[[ RECORDS PROVIDED open ]]
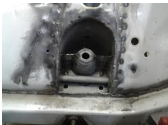
Рис № 4

Амортизаторы - СВОБОДНЫЕ. Количество амортизаторов – серийное. Использование амортизаторов с выносными бачками и или регулировками усилия запрещено. Диаметр элементов крепления амортизаторов к нижнему рычагу может быть увеличен до 10 мм. Можно усилить верхнее крепление амортизатора, сохраняя серийное место крепления ( Рис № 4). Элемент нижнего крепления переднего амортизатора - СВОБОДНЫЙ, при условии серийного места крепления к нижнему рычагу. Допускается пропускать крепёжные болты стабилизатора и (балки) передней подвески через лонжероны, не меняя места серийных точек крепления.
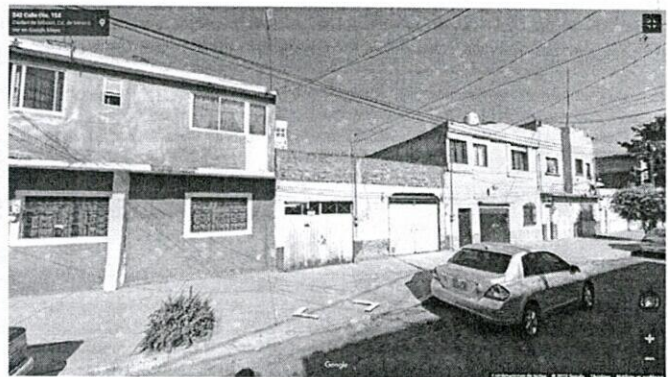
Google Maps-Street View: enero 2023

No obstante, para efectos de mejor proveer, mediante oficio PAOT-05-300/300-04762-2023, notificado en fecha 03 de julio de 2023, al propietario, poseedor, encargado y/o director responsable de la obra ubicada en el predio de mérito, esta Subprocuraduría solicitó al mismo realizar las manifestaciones que
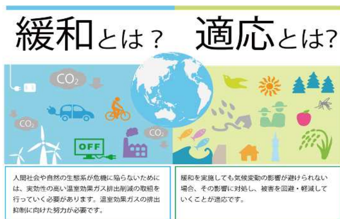
図 1-9 緩和策と適応策

本市では、「緩和」策のほか、多発する自然災害の対策として、防災に関する出前講座、防災マップの作成や自主防災組織への支援、浸水対策であるオンサイト・オフサイト貯留施設の整備、気候変動により増加の恐れがある熱中症・蚊媒介感染症に関する情報提供などの「適応」策を実施しています。
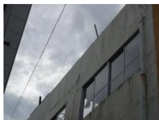
建物屋上の落下の危険のある部材
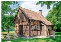
Ziel der Tour ist das Rinkeroder Backhaus

Gestartet wird am Samstag, um 11 Uhr am Kasten des Heimatvereins gegenüber dem Haupteingang der Volksbank. „Jörg Peiler hat eine sehr interessante Tour nach Rinkerode und wieder zurück nach Sendenhorst ausgearbeitet“, heißt es in der Ankündigung. Die Route selbst ist etwa 35 Kilometer lang. Die Führung wird etwa eine gute Stunde
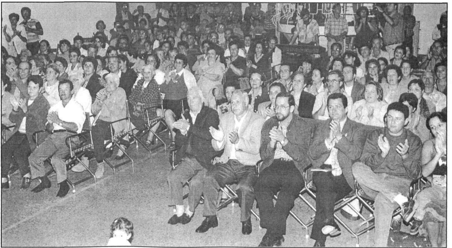
Vista general de la inauguración.

El pasado jueves comenzaron las Fiestas de San Juan en el municipio de Haría, en cuyo programa destacó la inauguración de la muestra gráfica de vestimentas tradicionales de Lanzarote, evento que fue completado con música y danzas isleñas. Esta muestra podrá ser observada en el Centro Socio Cultural La Tegala de Haría hasta el próximo día 25 de junio. El ambiente festivo estuvo presente durante toda la velada inaugural, durante la cuál se pudo admirar la vestimenta correspondiente a los aldeanos del siglo XVIII y XIX, con toda la singularidad de los mismos, entre la que destacaba la monterra, o la mantilla de balleta blanca (pieza muy común en todas las islas). Lanzarote se caracteriza por ser la única isla del archipiélago cuyos trajes tradicionales combinan mantilla y monterra, si bien lo más característi-
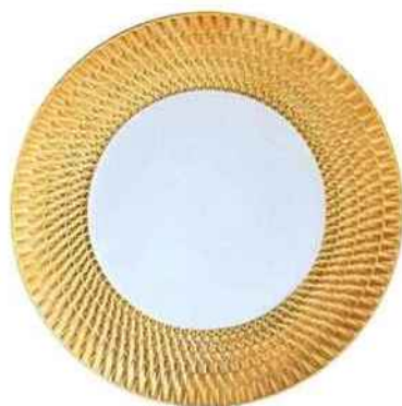
Assiette plate ø 27 cm Twist Gold. Bernardaud. 179 €
[[ RECORDS PROVIDED closed ]]
**WORK REQUIRED:** Copy out every line of the data that includes "Tour".

**PROBLEM SOLUTION:**
Ziel der Tour ist das Rinkeroder Backhaus
Gestartet wird am Samstag, um 11 Uhr am Kasten des Heimatvereins gegenüber dem Haupteingang der Volksbank. „Jörg Peiler hat eine sehr interessante Tour nach Rinkerode und wieder zurück nach Sendenhorst ausgearbeitet“, heißt es in der Ankündigung. Die Route selbst ist etwa 35 Kilometer lang. Die Führung wird etwa eine gute Stunde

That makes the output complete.